### The Importance of Sockets in SOC Design

This paper introduces the *Open Core Protocol*<sup>TM</sup> (*OCP*<sup>TM</sup>) within the context of contemporary System On a Chip (SOC) design issues. It explains why a standardized industry socket interface is essential to competitive SOC designs and it reveals how OCP fulfills the requirements for such an interface.

The discussion examines the necessity for SOC design acceleration to meet increasingly shorter time-to-market requirements as well as the advantages of subsequent reuse of developed Intellectual Property (IP).

Finally, the material reviews three specific implementation contexts that illustrate the flexibility that OCP provides semiconductor core designs.

## The Problem

For years, relentless semiconductor fabrication advances and escalating market pressures have made time-to-market and design reuse a continuing topic within the semiconductor industry. Clearly, decreasing a SOC's development time can simultaneously decrease time-to-market. The design reuse practice is similarly simple and understandable – design once, reuse many, many times. But, decreasing SOC design times and achieving design reuse has proven elusive, indeed.

Every 18 months, these manufacturing improvements have historically increased circuit densities by a factor of two – called *Moore's Law*. This allows a given-size semiconductor die significant increases in scope and function at negligible, incremented manufacturing cost. For example, over the past five years, semiconductor gate complexity has surged from 200,000 to 500,000 gates to well over 10 Million, even 25 million gates. This is an increase of up to 50X and is the principal reason designers can produce SOCs.

Simultaneous with this increase in capability, designers have attempted to decrease the design cycle duration for both initial and derivative designs. This is in direct response to competitive market pressures that demand designs in as little as half the time, and which require frequent revisions because of continuously reduced product life cycles and feature enhancements. See Table 1.

|                                         | 1997     | 1998  | 1999  | 2002   | Delta |
|-----------------------------------------|----------|-------|-------|--------|-------|
| Process Technology                      | 0.35m    | 0.25m | 0.18m | 0.13m  | ~7x   |
| Gate Count                              | 200-500K | 1-2M  | 4-6M  | 10-25M | ~50x  |
| Design Cycle (months)                   | 12-18    | 10-12 | 8-10  | 6-8    | ~2x   |
| <b>Derivative Design Cycle (Months)</b> | 6-8      | 4-6   | 2-4   | 2-3    | ~2x   |

Table 1. Increasing Complexity and Reduced Design Cycle TimesSource: Surviving the SOC Revolution, Chang et. al.

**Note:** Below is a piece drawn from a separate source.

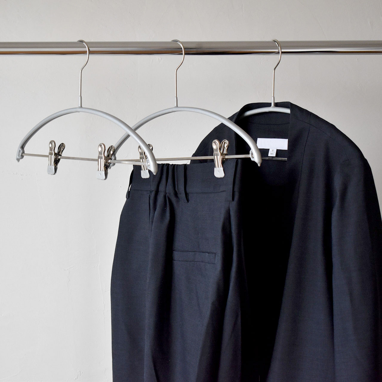 クリップ付きで上下セットでかけられるハンガーは他に、シルエットクリップ45 や、ボディーフォームクリップ42 がおすすめです。
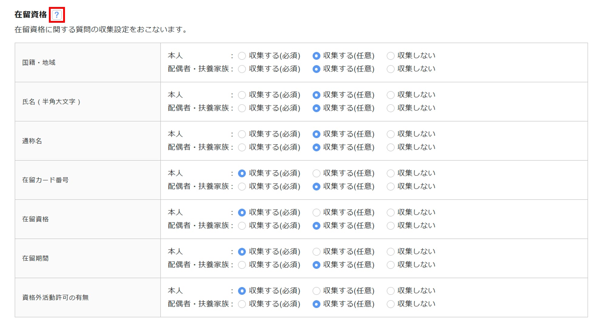 入社手続き、身上変更、在留資格の更新タスクでの在留資格に関する質問項目に対して、情報を収集するかについて設定します。

In summary, the math is very easy: designing semiconductors with fifty times the circuits in half the design time means 100 times the productivity, if you can achieve it. That's the

good news. The bad news is that this has proven to be an intractable goal. Worse, the proposition is becoming more difficult by the day, as complexity continues increasing and design cycles continue decreasing. The net effect is that time-to-market and core reuse are continuing casualties, along with product schedules and design efficiencies.

### **Shortening SOC Design Times**

To address the time-to-market issue, first consider the benefits of designing individual SOC cores and the final SOC in parallel. Here, enterprises would clearly have a significant opportunity to reduce design time since all design aspects, including SOC simulations (timing and performance analysis, etc.) occur in parallel.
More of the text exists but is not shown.